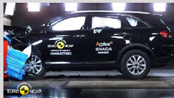
Frontal offset test at 64km/h.
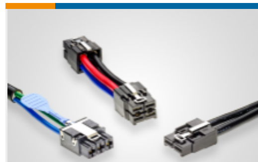
TE Part #2304889-1 CA, ET, 4POS, NO PULL-TAB, NO DETECT, NO S
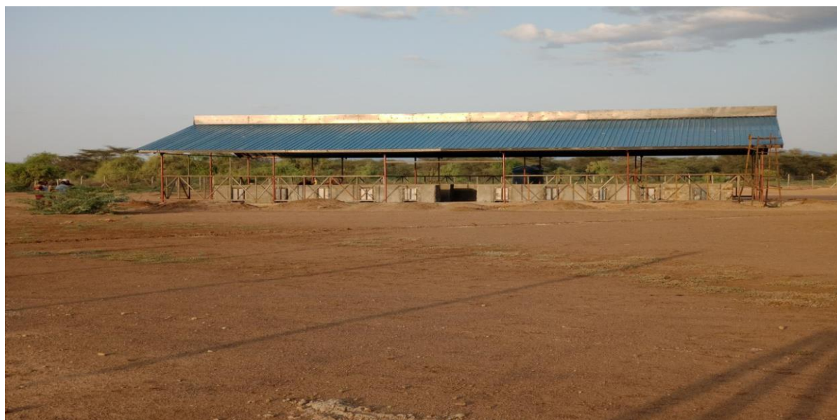
Ongoing construction of locher -edome market stalls in Lopur ward

This sector has implemented 5 sub-projects in total for 2020/2021 & 7 (seven) sub projects for 2021/2022. Most of the sub-projects were ongoing at percent 90% complete rate and commenced procurement for FY 2021/2022 activities.
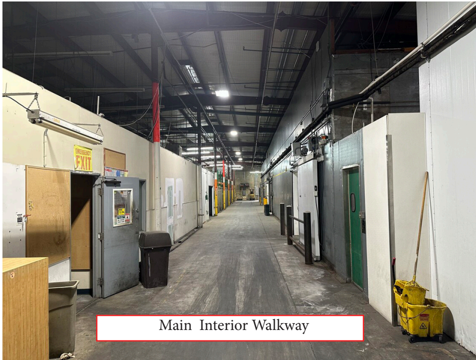
Main Interior Walkway
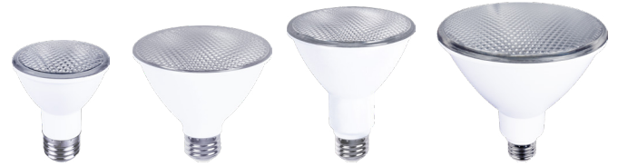
PAR20 6.5W PAR30 10W (SHORT NECK) PAR30 10W (LONG NECK) PAR38 14W
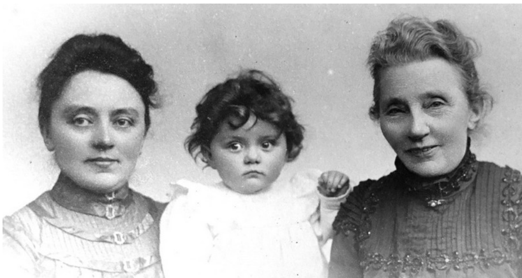
The three Wendelinas
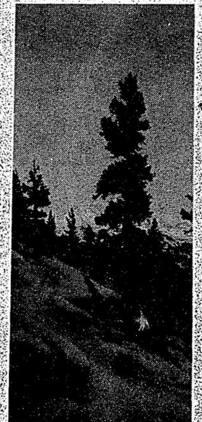
The Art of Stephen Lyman: Fire Dance.

A limited edition fine art print. $305 Stephen Lyman actively seeks to capture glorious, elusive, special moments when light infuses nature. The results are such breath-catching images as this one, Fire Dance - the fourth in a series of campfires, all sold out at the publisher. Fire Dance is available only through authorized Greenwich Workshop dealers; please visit or call our gallery for more information.
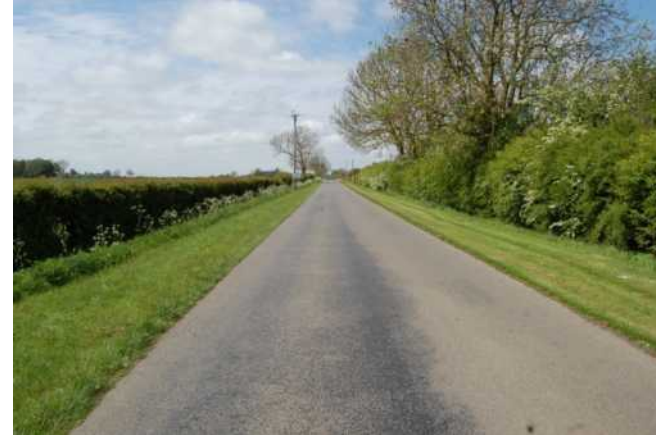
1.17 Approach to Stow on Ingham Road as you approach the village sign
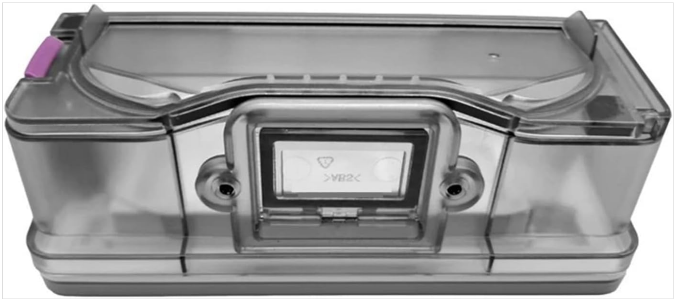
Image 2: Bottom view of the FUDTYSVC Robot Vacuum Cleaner Dust Box, highlighting the latch mechanism for opening and emptying the collected debris.
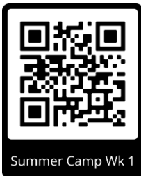
Summer Camp Wk 1
* * *
● Exercise prompt:
In the reply, give again exactly the lines from the beginning of the entries above through the line with "Ongoing construction of"; pictures stay out.

● Written reply:
Frontal offset test at 64km/h.
TE Part #2304889-1 CA, ET, 4POS, NO PULL-TAB, NO DETECT, NO S
Ongoing construction of locher -edome market stalls in Lopur ward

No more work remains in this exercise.